## Stored items
☆ ☆ ☆ ☆ ☆
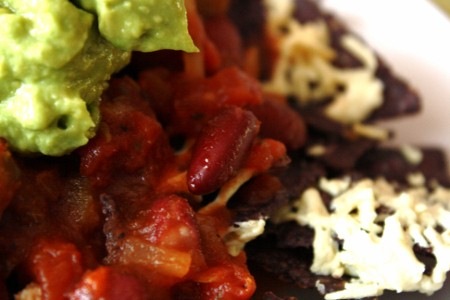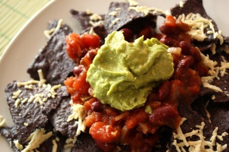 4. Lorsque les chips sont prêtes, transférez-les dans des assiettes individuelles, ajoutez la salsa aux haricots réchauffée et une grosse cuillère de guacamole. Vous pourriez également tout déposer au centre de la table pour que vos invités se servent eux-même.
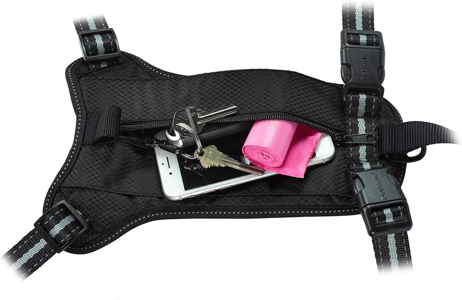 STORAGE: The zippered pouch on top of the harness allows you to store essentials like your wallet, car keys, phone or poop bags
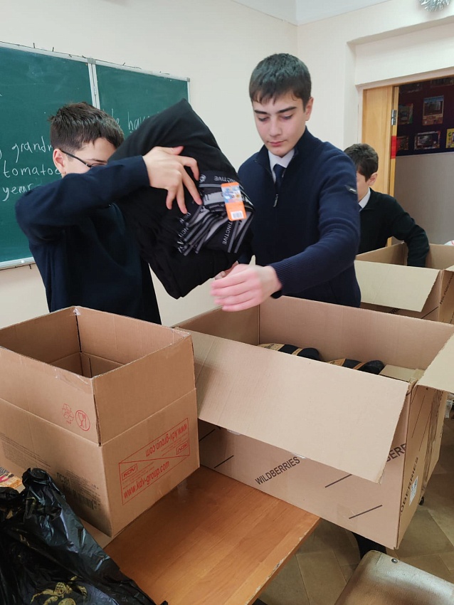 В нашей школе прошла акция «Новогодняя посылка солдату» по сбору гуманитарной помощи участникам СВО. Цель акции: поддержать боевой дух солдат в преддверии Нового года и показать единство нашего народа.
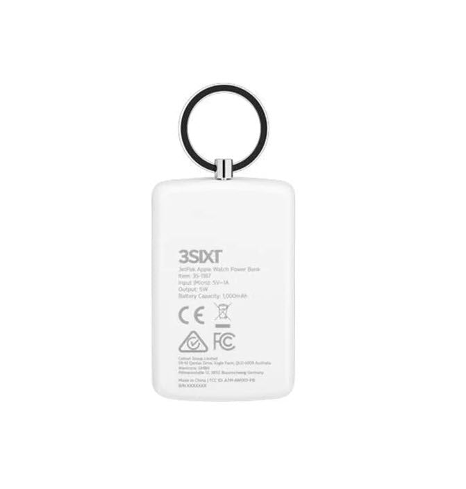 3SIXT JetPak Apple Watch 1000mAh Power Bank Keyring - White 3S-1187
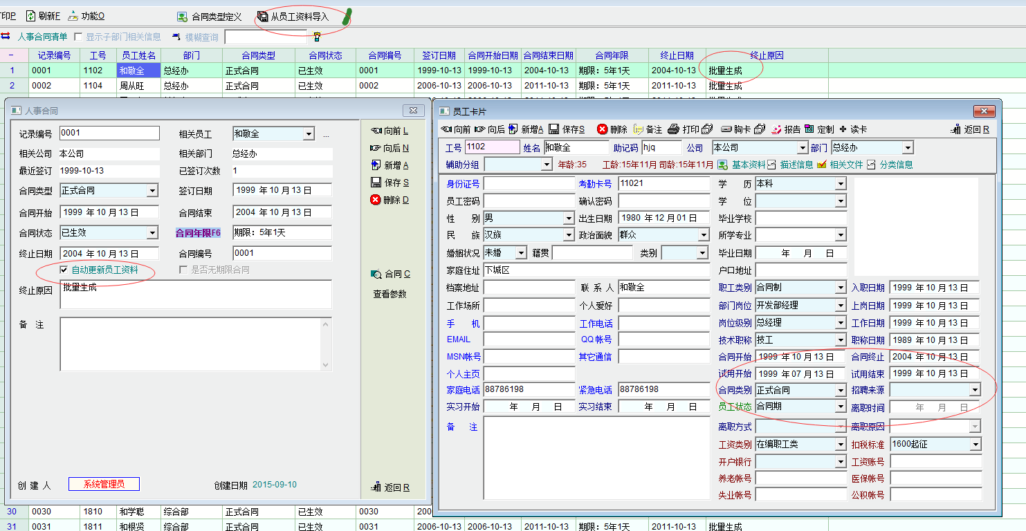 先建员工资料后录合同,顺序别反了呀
☆ ☆ ☆ ☆ ☆
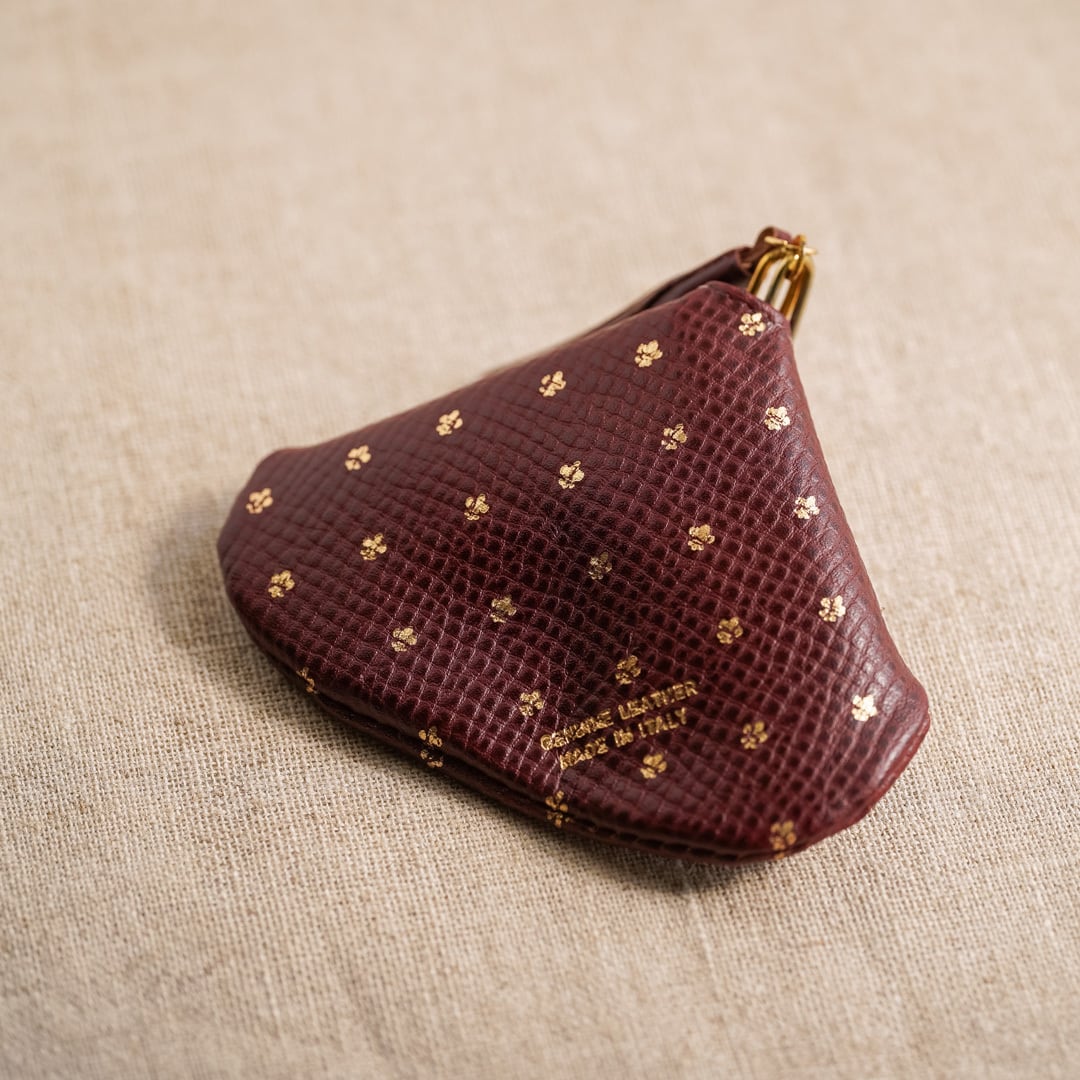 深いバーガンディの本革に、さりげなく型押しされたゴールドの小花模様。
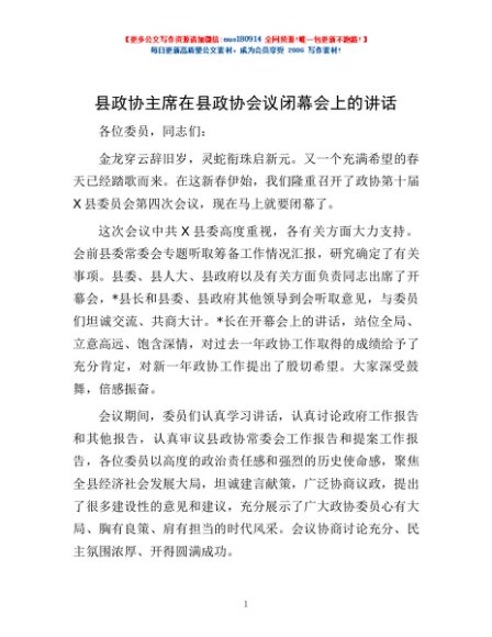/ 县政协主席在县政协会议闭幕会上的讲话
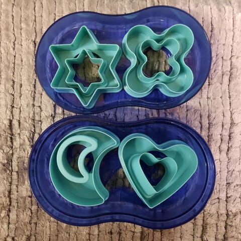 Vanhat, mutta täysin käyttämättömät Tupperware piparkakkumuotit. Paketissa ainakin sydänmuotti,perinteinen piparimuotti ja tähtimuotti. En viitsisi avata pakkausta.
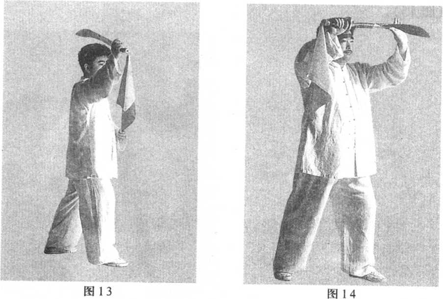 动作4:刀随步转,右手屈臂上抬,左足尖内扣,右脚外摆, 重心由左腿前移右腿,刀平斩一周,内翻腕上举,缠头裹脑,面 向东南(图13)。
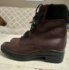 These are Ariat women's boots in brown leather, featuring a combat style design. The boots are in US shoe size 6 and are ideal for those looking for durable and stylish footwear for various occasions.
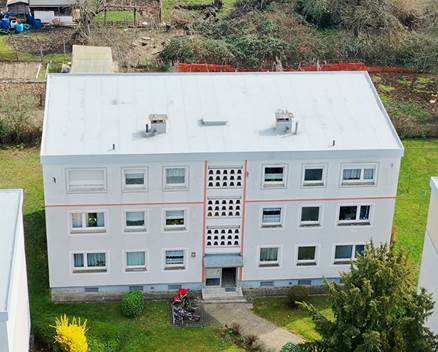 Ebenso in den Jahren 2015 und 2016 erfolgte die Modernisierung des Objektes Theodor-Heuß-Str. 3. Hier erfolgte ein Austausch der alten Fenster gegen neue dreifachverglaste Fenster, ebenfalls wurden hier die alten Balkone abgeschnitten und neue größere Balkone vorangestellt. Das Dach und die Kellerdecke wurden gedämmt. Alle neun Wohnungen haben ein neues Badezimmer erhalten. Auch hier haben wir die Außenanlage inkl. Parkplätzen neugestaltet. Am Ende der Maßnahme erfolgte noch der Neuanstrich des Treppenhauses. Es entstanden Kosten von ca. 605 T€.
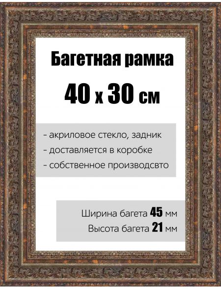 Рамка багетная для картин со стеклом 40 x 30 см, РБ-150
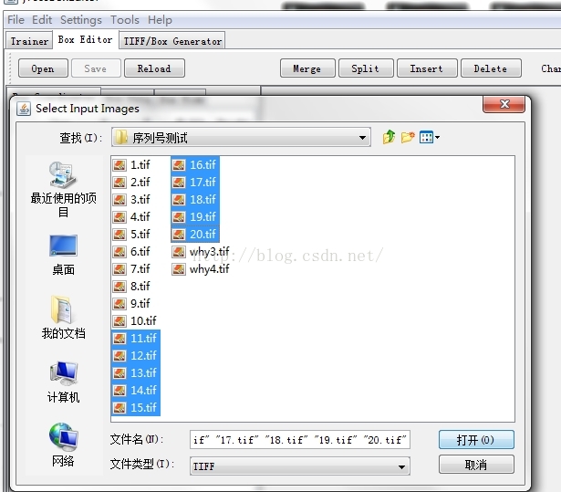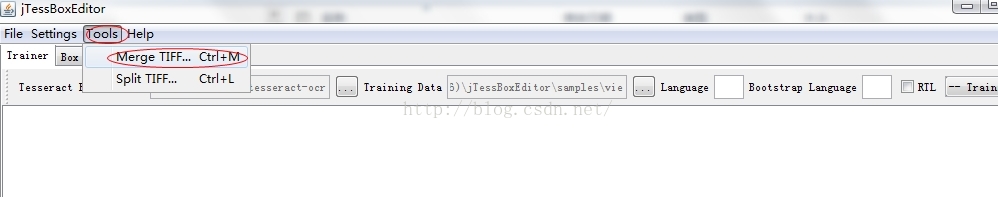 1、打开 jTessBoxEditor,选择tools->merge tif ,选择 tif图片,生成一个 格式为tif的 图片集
☆ ☆ ☆ ☆ ☆
## WHAT IS BEING ASKED
Only the lines above from the one with "4. Lorsque les" to the one with "先建员工资料后录合同,顺序别反了呀" should be printed, both included and exactly as written; no picture belongs in the copy.

## ANSWER BOX
 4. Lorsque les chips sont prêtes, transférez-les dans des assiettes individuelles, ajoutez la salsa aux haricots réchauffée et une grosse cuillère de guacamole. Vous pourriez également tout déposer au centre de la table pour que vos invités se servent eux-même.
 STORAGE: The zippered pouch on top of the harness allows you to store essentials like your wallet, car keys, phone or poop bags
 В нашей школе прошла акция «Новогодняя посылка солдату» по сбору гуманитарной помощи участникам СВО. Цель акции: поддержать боевой дух солдат в преддверии Нового года и показать единство нашего народа.
 3SIXT JetPak Apple Watch 1000mAh Power Bank Keyring - White 3S-1187
 先建员工资料后录合同,顺序别反了呀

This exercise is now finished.